Watch any contender today and you'll see the same thing: waves of talent coming at you in 12-minute stretches. The defending champions boast playable talent throughout their bench. Denver has legitimate scoring threats one through nine. Even teams like Orlando are building rosters where their eighth man could start for half the league.
This is where the league is today, and Milwaukee has one foot in the door and one foot out; they're still banking on Giannis doing everything while hoping their supporting cast doesn't completely fall apart.
The Milwaukee Bucks need to adapt with the rest of the NBA
The modern NBA punishes teams that can't survive their star's rest minutes. Giannis sits, and suddenly you're watching Kyle Kuzma try to create offense for a bench unit that looks lost without their anchor. That's not championship basketball anymore—that's first-round exit basketball.
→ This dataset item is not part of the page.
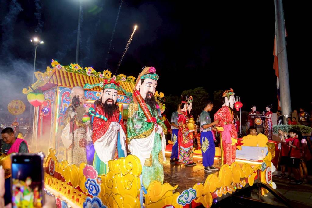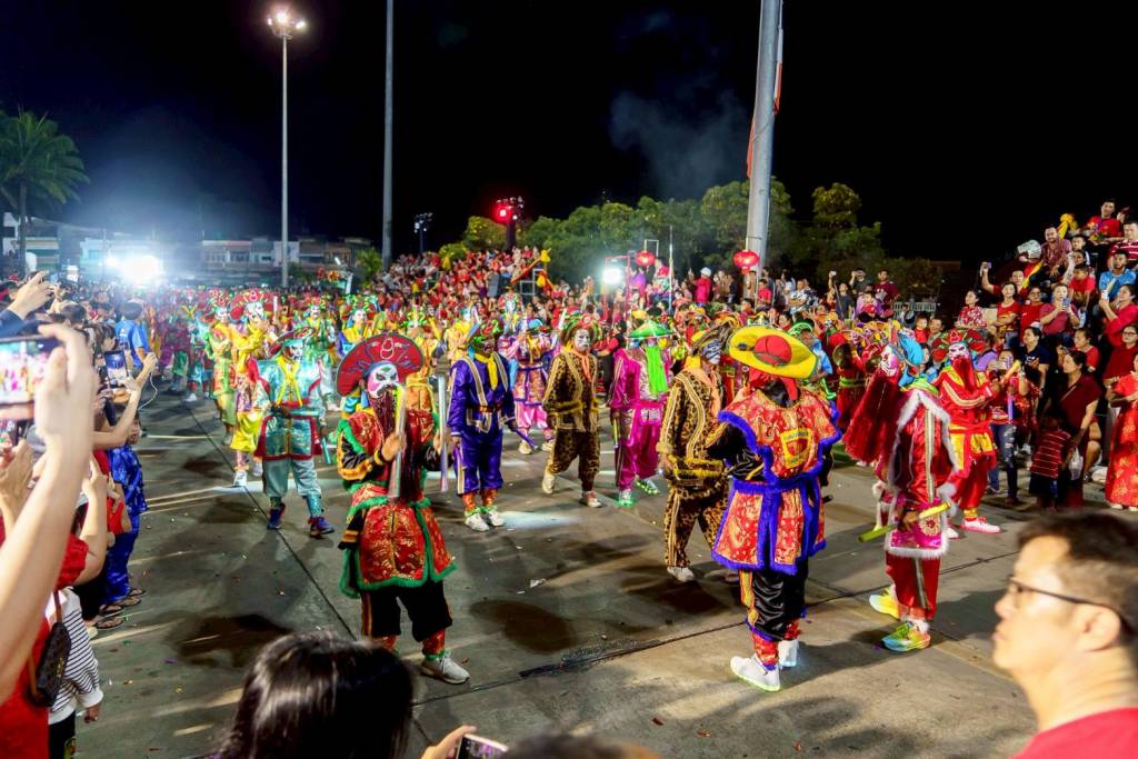 สำหรับขบวนแห่กลางคืน ปีนี้ยิ่งใหญ่และยาวที่สุดในประเทศไทย ท่ามกลางความสนใจของนักท่องเที่ยวทั้งชาวไทยและต่างประเทศนับหมื่นชมความอลังการและความงามของขบวนแห่ต่างๆ โดยทำการออกแห่ไปตามถนนสายหลัก ในตัวเมือง ที่มีมากกว่า 30 ขบวน อาทิ ขบวนรถเทิดพระเกียรติฯ ที่ประดับแสงสีสวยงาม พร้อมกับการแสดงการร่ายรำแบบจีนของธิดามังกร ขบวนองค์สมมติเจ้าแม่กวนอิม (นางสาวศกุนตลา แพรนาม (น้องผักบุ้ง) อายุ 16 ปี) ประทับบนแท่นดอกบัว ขบวนเทิดพระเกียรติฯ ขบวนนางฟ้าจากโรงเรียนและมหาวิทยาลัยต่าง ๆ การแสดงคณะมังกรทอง การแสดงสิงโต 5 ชาติพันธุ์ รำถ้วยไหหนำ เอ็งกอ-พะบู๊ และขบวนต่างๆอีกมากมายที่เป็นที่น่าตื่นตาตื่นใจให้แก่ประชาชนและนักท่องเที่ยว

That's just how things are: you simply need depth to succeed in the modern NBA. Giannis can't do it alone, and the Bucks haven't fully realized the importance of having multiple options around their star. Up until perhaps recently, it has felt like their priority was always making moves for big names instead of building a roster that can function at multiple levels.
The past few seasons have shown us that one injury, one off night, one foul trouble situation, and their entire system crumbles. Look at their playoff runs since 2021. Every loss comes down to the same problem: when Plan A (feed Giannis) doesn't work, there is no Plan B. Other teams have five different ways to hurt you. Milwaukee has one, and everyone knows exactly what's coming.
The front office (and for that matter, the coaching staff, too) seems stuck in this weird middle ground where they know they need more talent but refuse to admit their current approach isn't working. They'll trade for another declining veteran or sign another past-his-prime shooter, then act surprised when the depth issues show up again in May.
Of course, the good news is that they've addressed that somewhat this offseason. Any one of Gary Trent Jr., Kevin Porter Jr., Cole Anthony, even AJ Green, and Taurean Prince could net you an efficient 15 any given night. All of them bring particular skills to the table that fit perfectly around the playmaking chops of Antetokounmpo. The point is, they have multiple X-factors on this roster today.
Giannis is still in his prime. He's still capable of carrying a championship team. But he needs an organization that understands championship basketball has evolved beyond the superstar-plus-scrubs model. The window isn't closed yet, but it's getting smaller every season they waste trying to recreate 2021 instead of building for 2025.
Evolution or extinction. Those are Milwaukee's only options now.